## [Task item]
Repeat, word for word, all the data that follows, and exclude the pictures.

## [Material for this task]
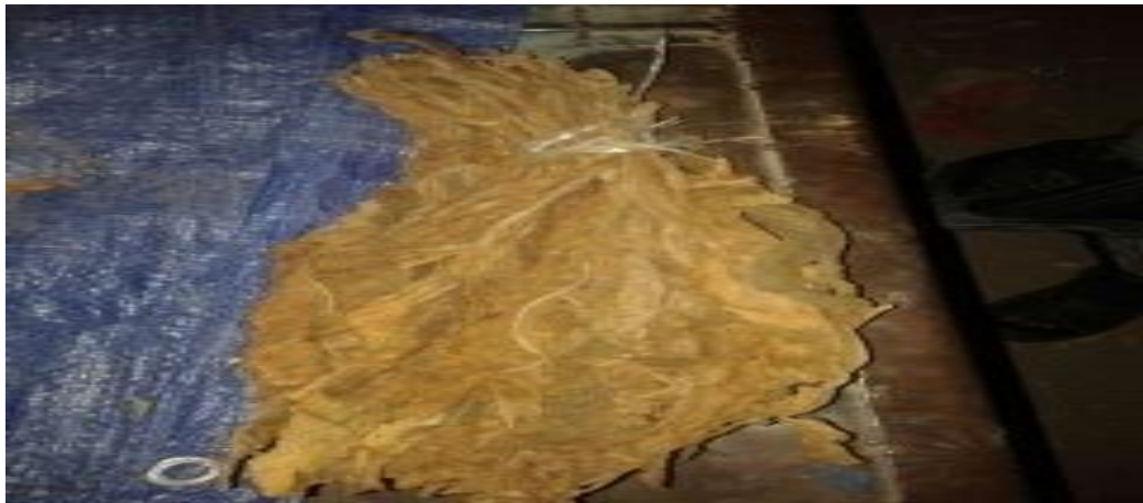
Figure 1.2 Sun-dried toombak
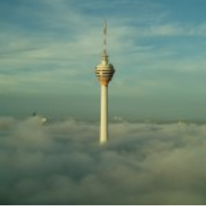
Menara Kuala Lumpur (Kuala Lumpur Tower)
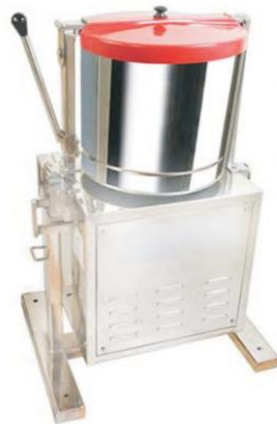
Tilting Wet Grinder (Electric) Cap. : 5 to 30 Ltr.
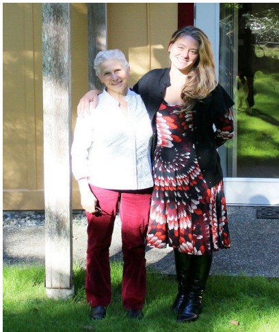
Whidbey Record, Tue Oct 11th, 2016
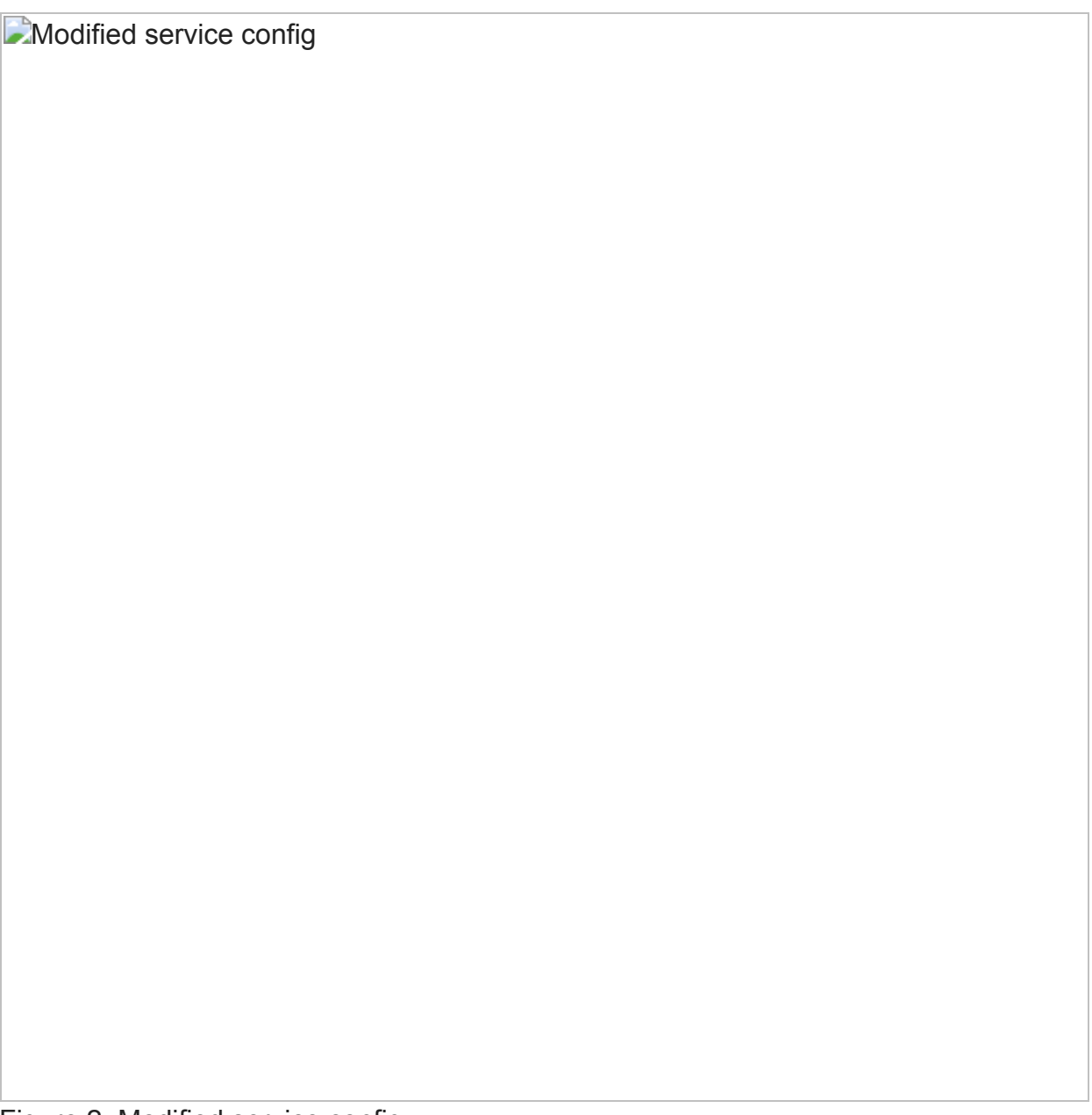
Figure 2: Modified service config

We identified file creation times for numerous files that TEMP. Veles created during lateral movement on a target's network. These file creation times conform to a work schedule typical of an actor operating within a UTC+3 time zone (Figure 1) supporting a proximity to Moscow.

## [Response]
Figure 1.2 Sun-dried toombak
Menara Kuala Lumpur (Kuala Lumpur Tower)
Tilting Wet Grinder (Electric) Cap. : 5 to 30 Ltr.
Whidbey Record, Tue Oct 11th, 2016
Figure 2: Modified service config

We identified file creation times for numerous files that TEMP. Veles created during lateral movement on a target's network. These file creation times conform to a work schedule typical of an actor operating within a UTC+3 time zone (Figure 1) supporting a proximity to Moscow.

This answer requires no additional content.